Bref, chaque modèle a ses forces et ses faiblesses, ses coûts et ses contraintes. En unifiant l’ensemble sous la bannière d’un seul et même « super prompt », on impose l’usage d’un seul modèle, qui ne sera probablement pas le plus adapté pour chaque étape du processus. Un agent, lui, est capable de « router » chaque sous-tâche vers la bonne IA ou le bon service spécialisé. On gagne de la performance et de l’argent, alors pourquoi se priver ?
Les agents gèrent aussi des « outils » non-IA
C’est un point que beaucoup négligent : dans un agent, il n’y a pas seulement des briques d’IA. Il y a également l’intégration d’outils traditionnels (CRM, bases de données, fichiers Excel ou Google Sheets, API tierces comme AirBnB ou Stripe, et même des objets connectés ou des robots physiques dans une usine !).
Tant qu’on se limite à un gros prompt unique, on ne peut donner à l’IA qu’un accès limité à ces sources externes. Elle ne peut pas naviguer de manière autonome pour aller, par exemple, récupérer un script sur YouTube, puiser dans vos e-mails ou questionner une autre IA spécialisée. Avec un agent, le système peut planifier, puis utiliser tous ces outils pour exécuter ses actions au moment opportun.
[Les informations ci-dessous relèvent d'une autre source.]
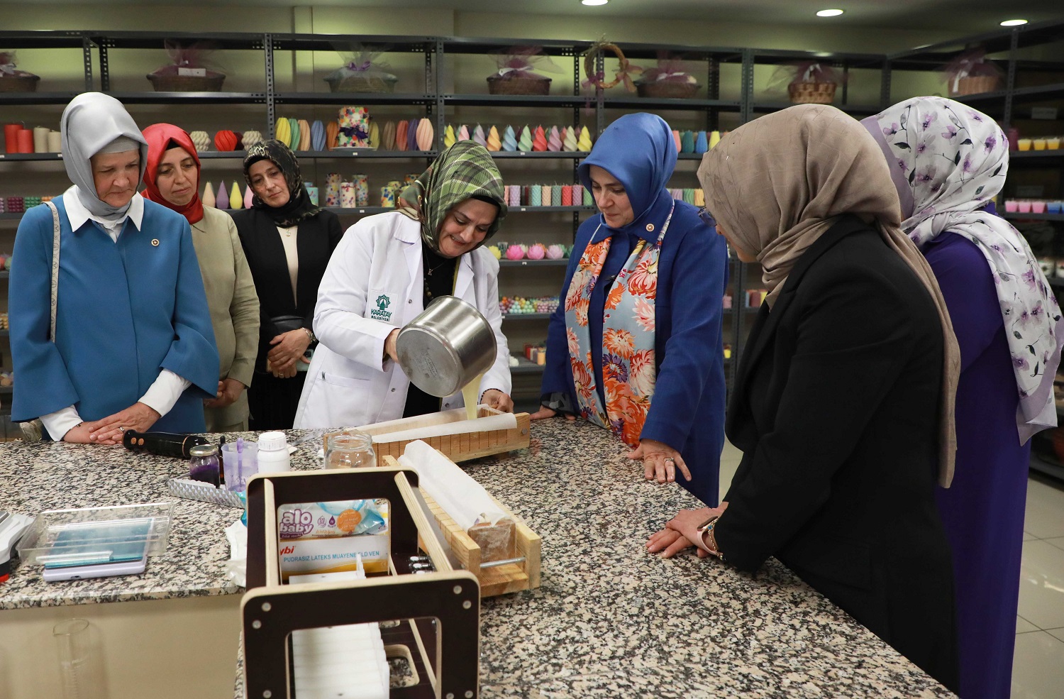 Heyet, Atölye Karatay’da kadınlar tarafından üretilen doğal kremler, lavanta sabunu, lavanta yağı, gibi birçok ürünü yerinde inceledi. Sabun üretimini bizzat deneyimleyen Genel Başkan Tuğba Işık Ercan, üretim süreci hakkında bilgi aldı.
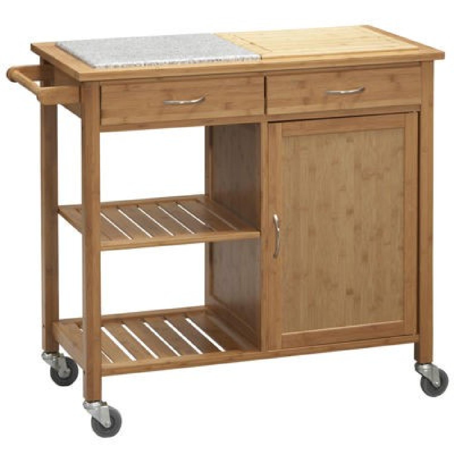 Seller's Notes:This kitchen rolling cart is VERY functional and attractive. It is a great addition to a small kitchen for added counter space and storage. Although this cart is used, it is in very good working condition. The removable wood chopping board has been used most but everything is in working order. The locking wheels roll easily when necessary. Both the granite and wood cutting boards are removable for easy cleaning. There are two drawers, 2 open shelves and two closed shelves. There is also a side towel bar.
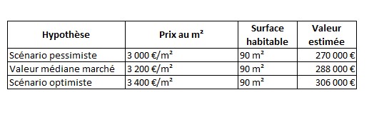 Le scénario pessimiste retient un prix de 3 000 €/m², soit un niveau inférieur à la moyenne de marché observée autour de 3 200 €/m².

Le contrôle, la robustesse et la reproductibilité du processus
René l’a constaté sur le terrain : avec un super prompt, si l’IA produit un livrable insatisfaisant, on ne sait pas trop pourquoi. Était-ce un manque de clarté dans la formulation ? Une maladresse dans la consigne ? Une erreur logique dans le raisonnement du modèle ?
Quand on utilise un agent, on peut suivre chaque étape de la chaîne de raisonnement, revoir la sortie à mi-chemin, corriger ou remplacer l’IA s’il y a un problème. Cette modularisation offre un contrôle plus fin et un processus plus robuste, surtout pour des tâches critiques (déclaration administrative, diagnostic financier…). On retrouve ici le meilleur de deux mondes : la puissance des IA connexionnistes (fondées sur les réseaux de neurones) ayant une approche émergente et systémique de la connaissance et de la réflexion dans une structure modulaire, quasi symbolique, où chaque brique est isolée et testable.
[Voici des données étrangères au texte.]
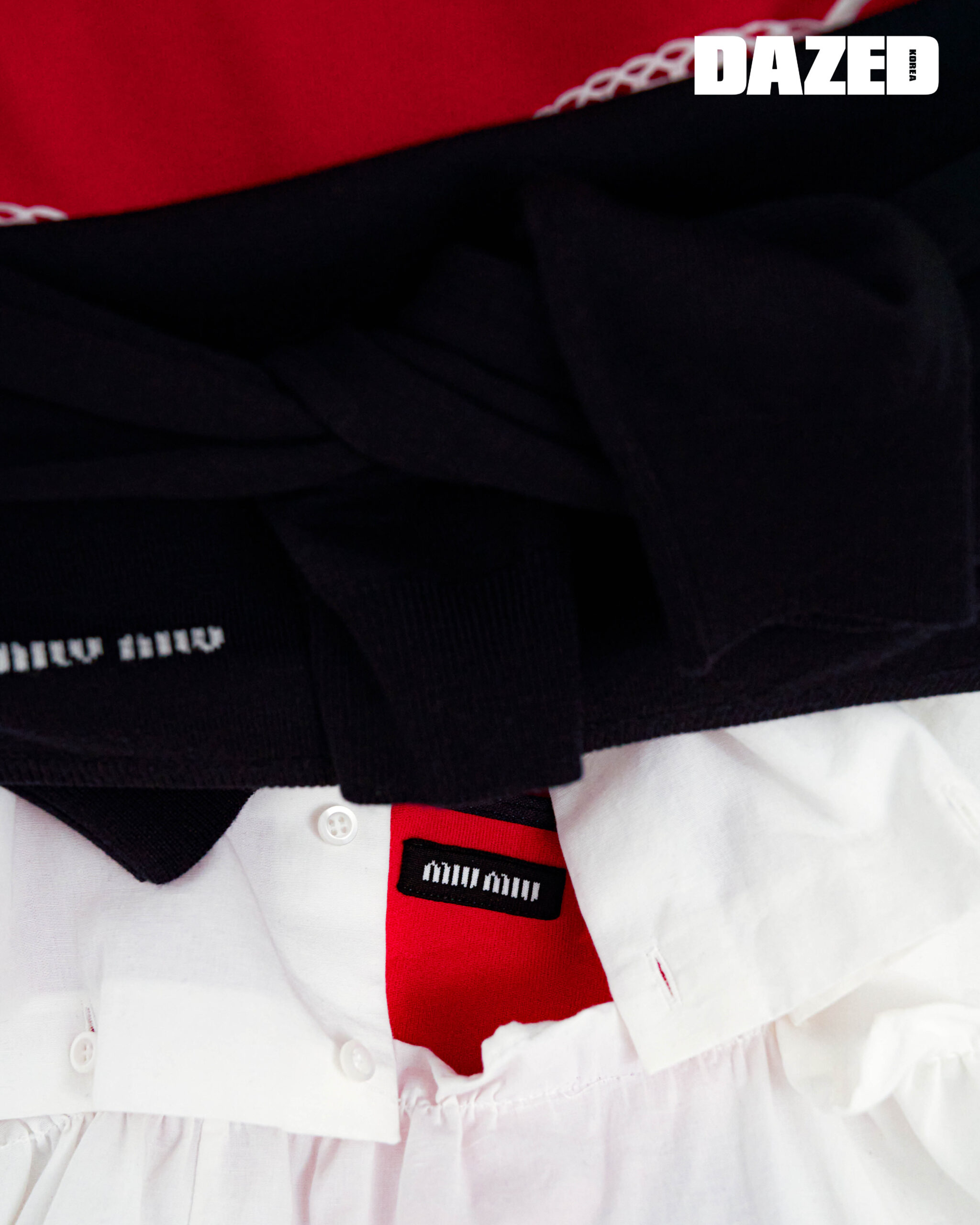레드 나일론 보디슈트와 화이트 포플린 드레스, 네이비 울 니트 톱은 모두 미우미우(Miu Miu).
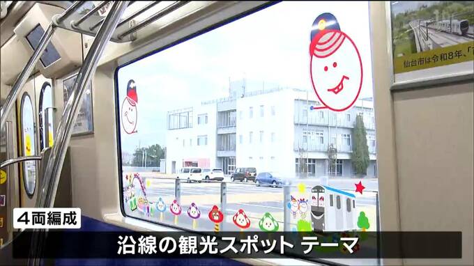 仙台うみの杜水族館をテーマにした車両では、窓にペンギンやアシカなど人気の生き物たちがデザインされています。若林区の荒井車両基地では、招待された親子137人が車内を見学しながら記念撮影を楽しんでいました。
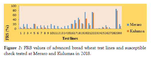 Figure 2: FRS values of advanced bread wheat test lines and susceptible check tested at Meraro and Kulumsa in 2018.
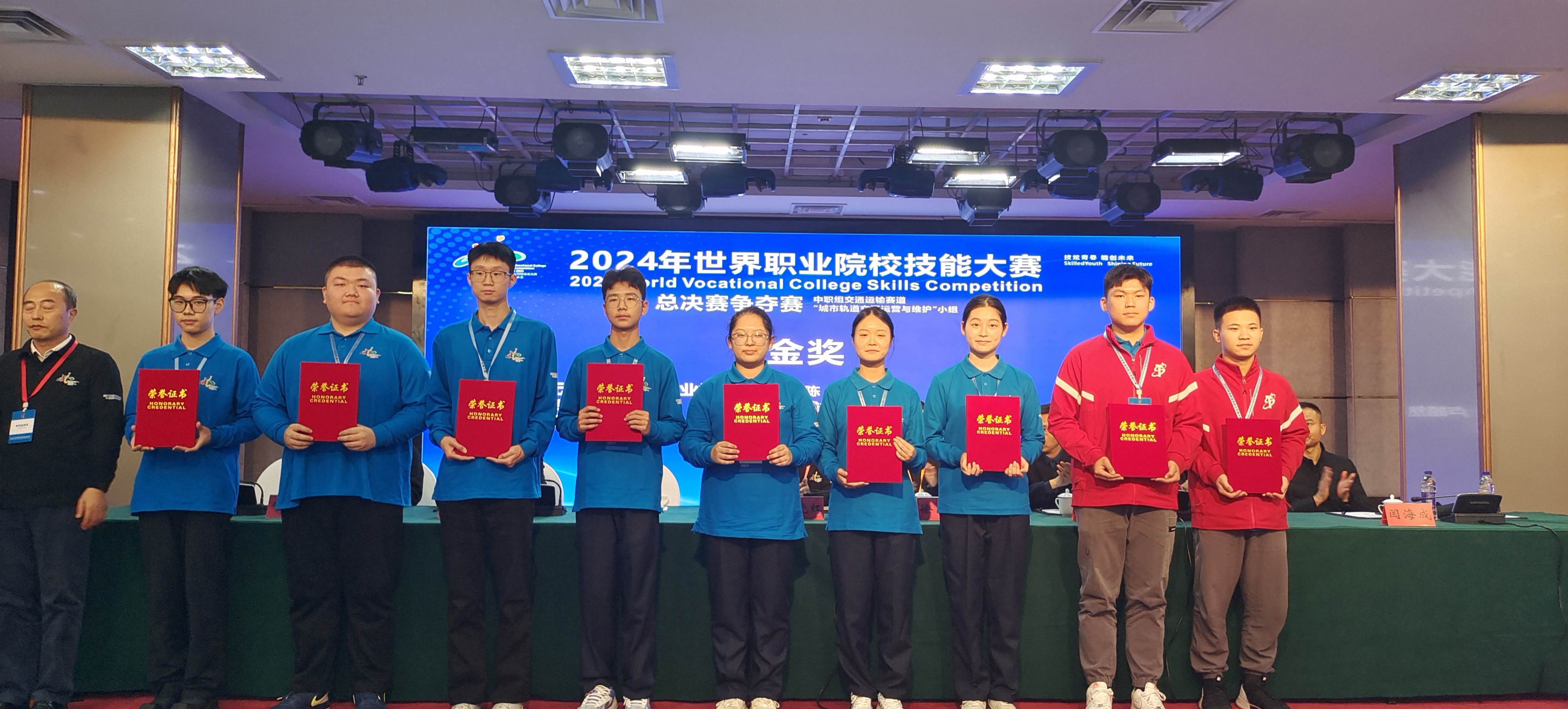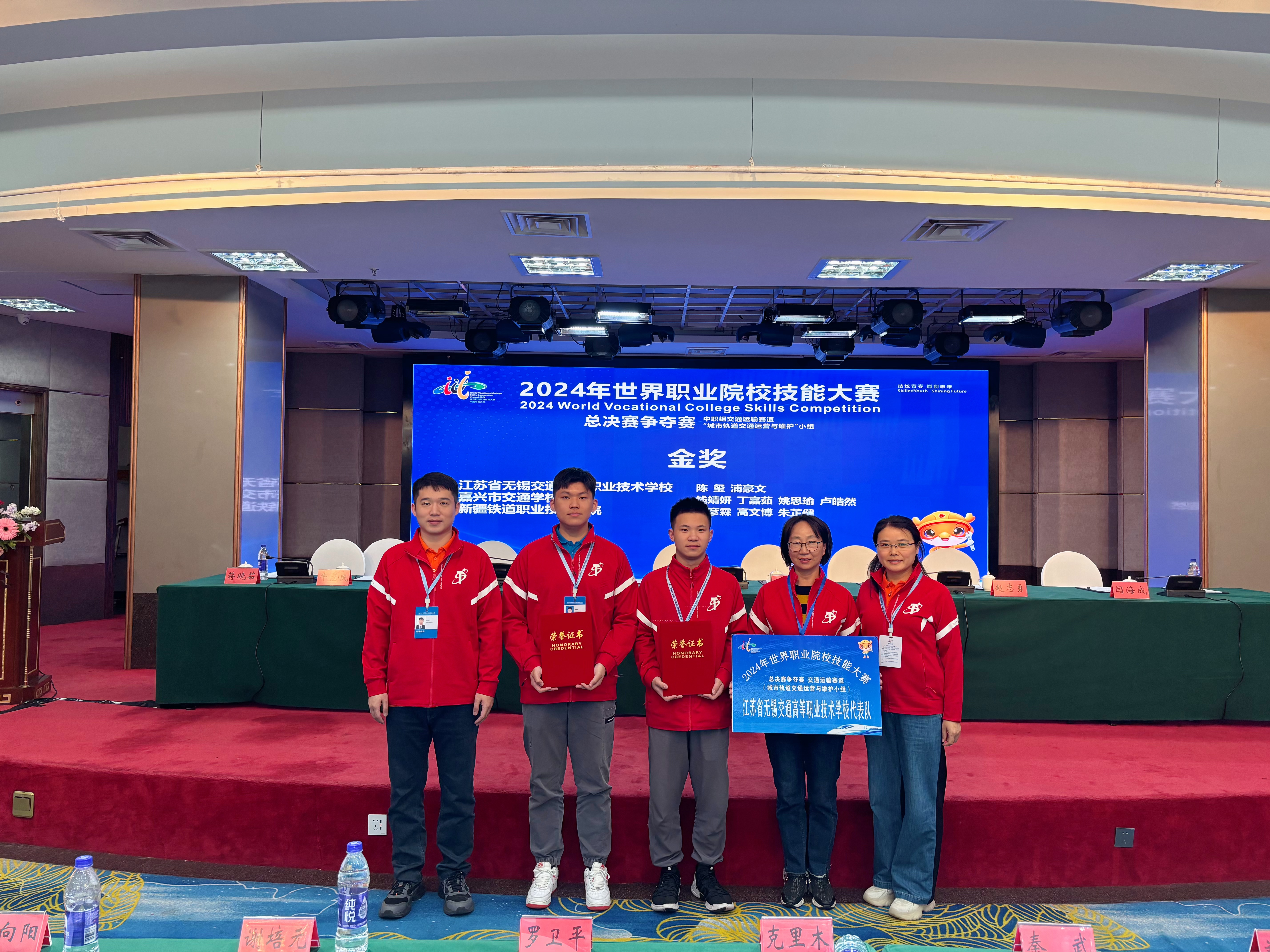 1025-29日,在新疆铁道职业技术学院举行的2024年世界职业院校技能大赛总决赛争夺赛中职组交通运输赛道“城市轨道交通运营与维护”小组赛项中,陈玺和浦豪文组建的学生团队,凭借扎实的专业技能和出色的创新能力,在众多参赛选手中脱颖而出,获得金奖,李俊、沈加仁获“优秀指导教师”称号,实现了学校在该赛项的历史性突破。

(Et soyons honnêtes…) C’est aussi la mode des agents
Oui, c’est un clin d’œil, mais il y a un fond de vérité. L’engouement actuel pour les agents IA incite les entreprises à capitaliser sur cette nouvelle approche plus qu’à rester sur le simple paradigme du chatbot. Dans l’industrie tech, la course à la nouveauté fait partie de l’ADN, et les agents IA incarnent la frontière la plus prometteuse du moment.
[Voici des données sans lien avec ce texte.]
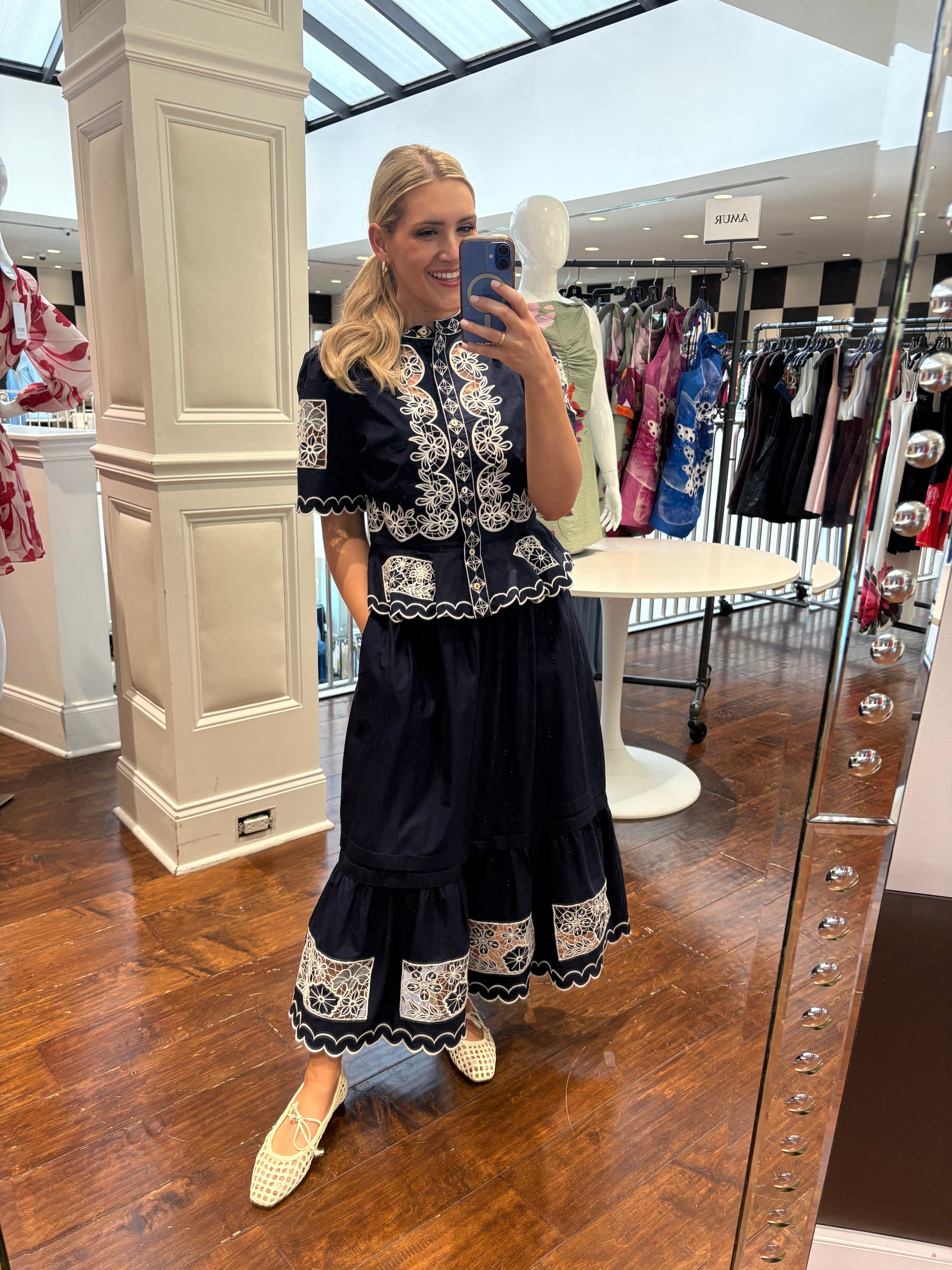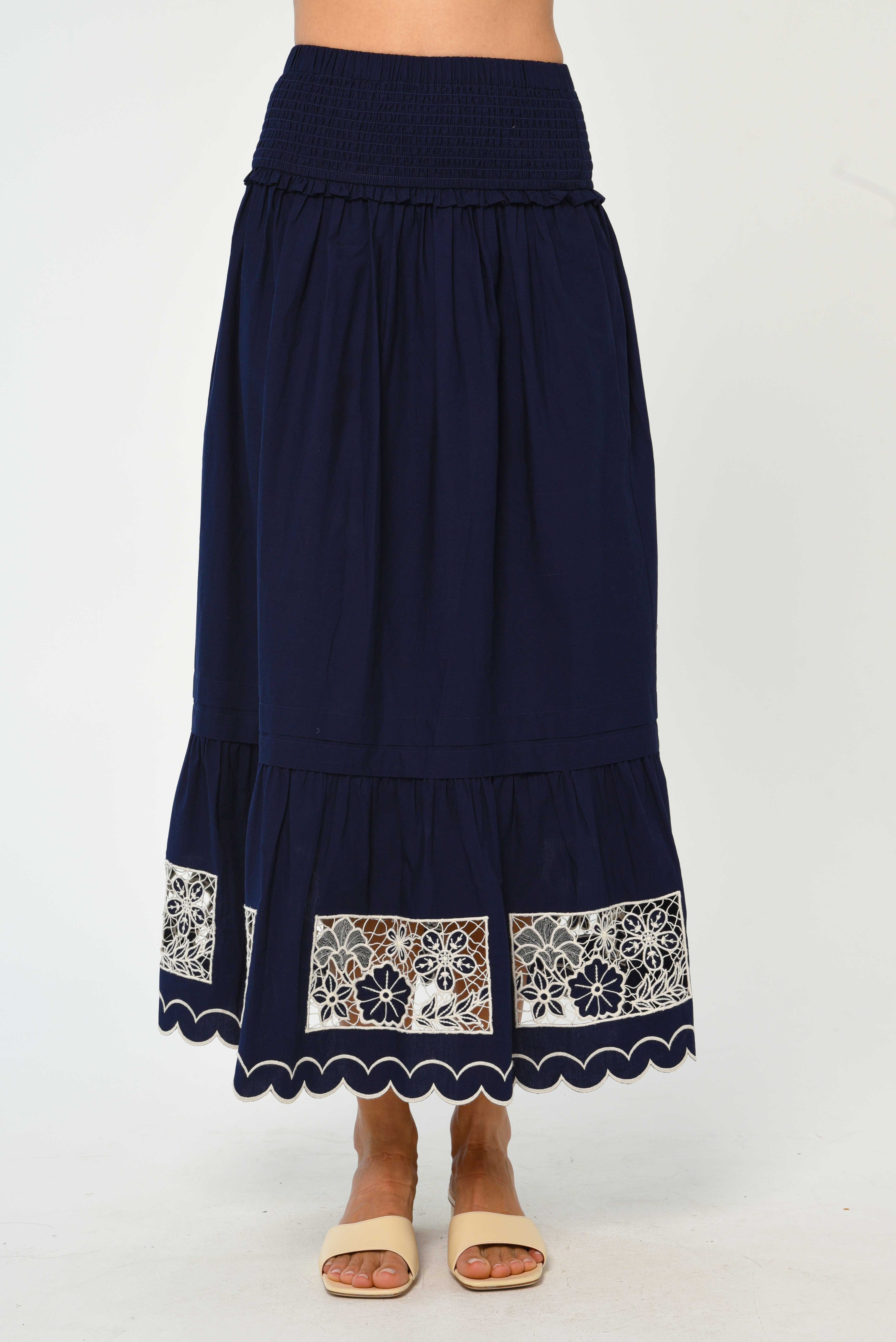 Love The Label Nolan Skirt in Navy w/ Ivory Embroidery

Même s’il y a l’effet de mode, les agents ont des avantages réels que n’a pas l’approche du prompting. Il reste très pertinent de recourir à un prompt classique pour des tâches simples, ponctuelles ou dont le cadre est assez restreint : rédaction rapide d’un paragraphe, synthèse d’un document court, correction de texte, traduction, etc. En revanche, dès lors qu’il s’agit de mener plusieurs étapes successives, faisant intervenir plusieurs sources de données ou outils, ou nécessitant une forte cohérence et des ajustements en continu (allers-retours itératifs, interactions avec des systèmes externes, etc.), la création et l’utilisation d’un agent IA prend tout son sens. L’agent offre alors une modularité, une robustesse et un contrôle plus fins que le « super prompt » unique, tout en permettant d’orchestrer différentes IA et actions algorithmiques au sein d’un même processus.
René, lui, continue à affiner son offre de conseil stratégique. Son agent gagne en autonomie et commence même à se charger de la relance clients pour les pièces manquantes des dossiers… plus besoin d’écrire ces affreux e-mails de relance ! De temps à autre, il retente un super-prompt par curiosité, nourrissant l’espoir qu’un modèle de nouvelle génération parvienne enfin à tout réaliser d’une seule traite. Mais pour l’instant, l’approche agent reste imbattable.